Книга Собственные записки. 1829–1834, страница 45. Автор книги Николай Муравьев-Карсский

Разделитель для чтения книг в онлайн библиотеке

Онлайн книга «Собственные записки. 1829–1834»

Cтраница 45

– Я сбирался выехать, – сказал я, – но задержан был бригом, который не имел достаточно воды, а теперь противными ветрами.

– Желал бы, чтобы вы подолее с нами остались; я очень рад вас видеть. Не имеете ли каких новостей с бригом из Греции?

– Неважные, – отвечал я; – короля греческого ожидали, но вы имеете важнейшие.

– Да, я ожидаю Галиль-пашу и всю ночь не мог от радости заснуть. Почему бы он так долго ехал?

– Верно потому, что так как о прибытии его не были посланы с известиями татары, то он хочет, чтобы слух сей распространился, дабы дать вам время приготовиться к приличному приему. Итак, вы надеетесь кончить?

– Уверен, что кончим.

– Так зачем же вы посылаете войско в Анатолию? Вы обещались государю прекратить военные действия и двигаете войска. Впрочем, я вам сего не отсоветую, делайте, как лучше знаете; я только свое мнение излагаю и спрошу вас, как я должен объяснить перед государем действие сие?

Паша отвечал с жаром, что в числе сих войск не было ни одного десятника, что это не батальоны, а команды от разных полков, с коими он не знал, куда деваться и отправлял их по сему к своему месту.

– Сколько же вы посылаете?

– Право не помню, сколько их теперь осталось в Александрии (подумав), от 2000 до 3000. Да что за дело? Мы примиримся, я вам обещался и сдержу слово.

– Без сомнения, вы этим числом не прибавите сил ваших в Анатолии; да если бы и в десять раз более послали, то дело бы не переменилось. Итак, я доложу государю повод, вами изложенный; но не знаю, как сие будет принято; впрочем, повторю обещание ваше покориться.

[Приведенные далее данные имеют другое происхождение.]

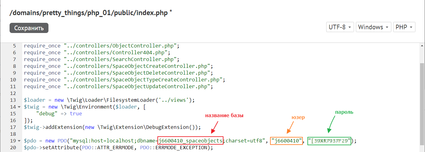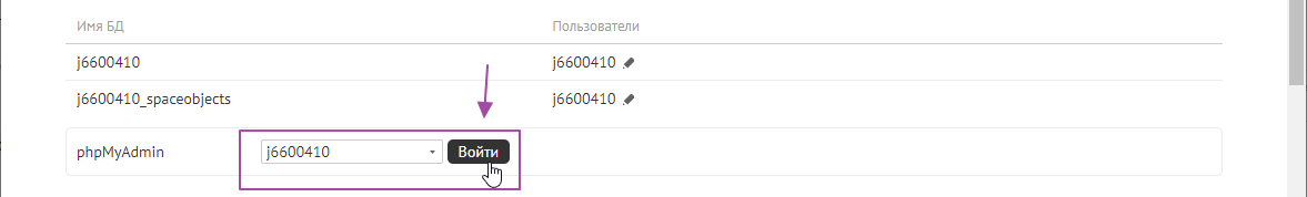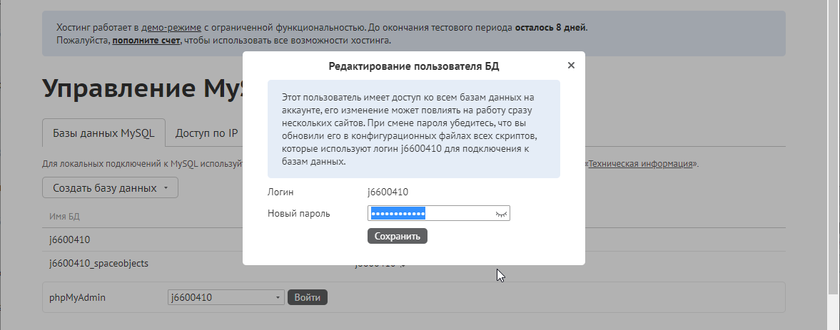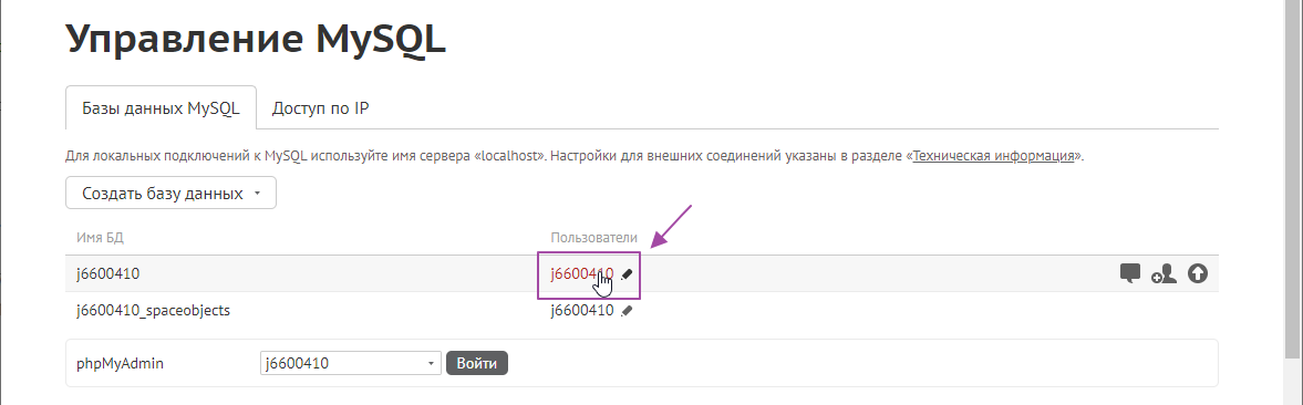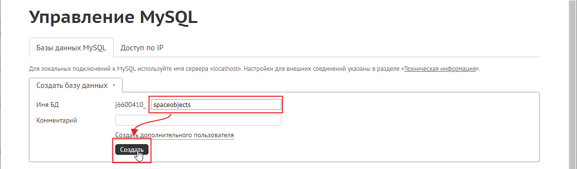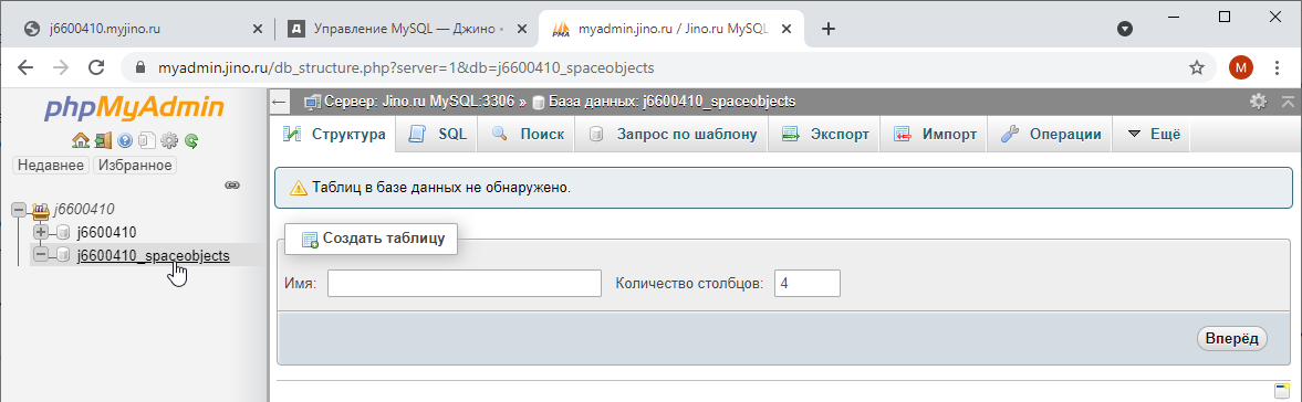 но на самом деле полное имя БД будет с префиксом вашего юзера, т.е. у меня имя будет j6600410_spaceobjects

– Покориться? Да, я покорюсь; но если у меня будут требовать слишком много, как например, вчера мне Ачерби говорил о Сирии, о флоте, наконец, если мне скажут «встань и пошел вон», – прибавил он с сердцем, – так, разумеется, что у меня только одна жизнь, я на все пущусь в отчаянии. Меня хотят стращать! Да, нас было одиннадцать братьев, я один остался в живых, и я всегда умел оградить собственность свою; я уже сорок пять лет воюю.

– Когда это случилось? – спросил я хладнокровно.

– Это случилось, когда я еще дома жил в Румелии. Да, я искренно желаю примириться с султаном, покориться государю своему и все для сего сделаю.

– А как вы скоро думаете кончить? – спросил я хладнокровно.

– Не знаю: ведь это не от меня будет зависеть. Я ничего не буду требовать, а удовольствуюсь тем, что пожалует мне государь мой.

– Так почему же вы так убеждены, что примиритесь?

– Я имею известия из Константинополя. Ачерби же ко мне вчера с условиями пришел; я не приму постороннего участия, да и вера нам сего не позволяет.

– И очень хорошо сделаете, и государь не любит, чтобы в его дела вмешивались. Подобно сему и он не вмешивается в дела султана с вами. Не допускайте ни одной, решительно ни одной, державы в посредничество, и сие будет служить государю самым лучшим доказательством, верным залогом успеха в примирении. Сие подаст мне верную надежду, что вы успеете; я же прошу вас опять убедиться, что я не принимаю на себя звания посредника (сие было бы неприлично государю), а я прибыл к вам единственно, чтобы сообщить вам расположения его величества, о коих я вам уже говорил.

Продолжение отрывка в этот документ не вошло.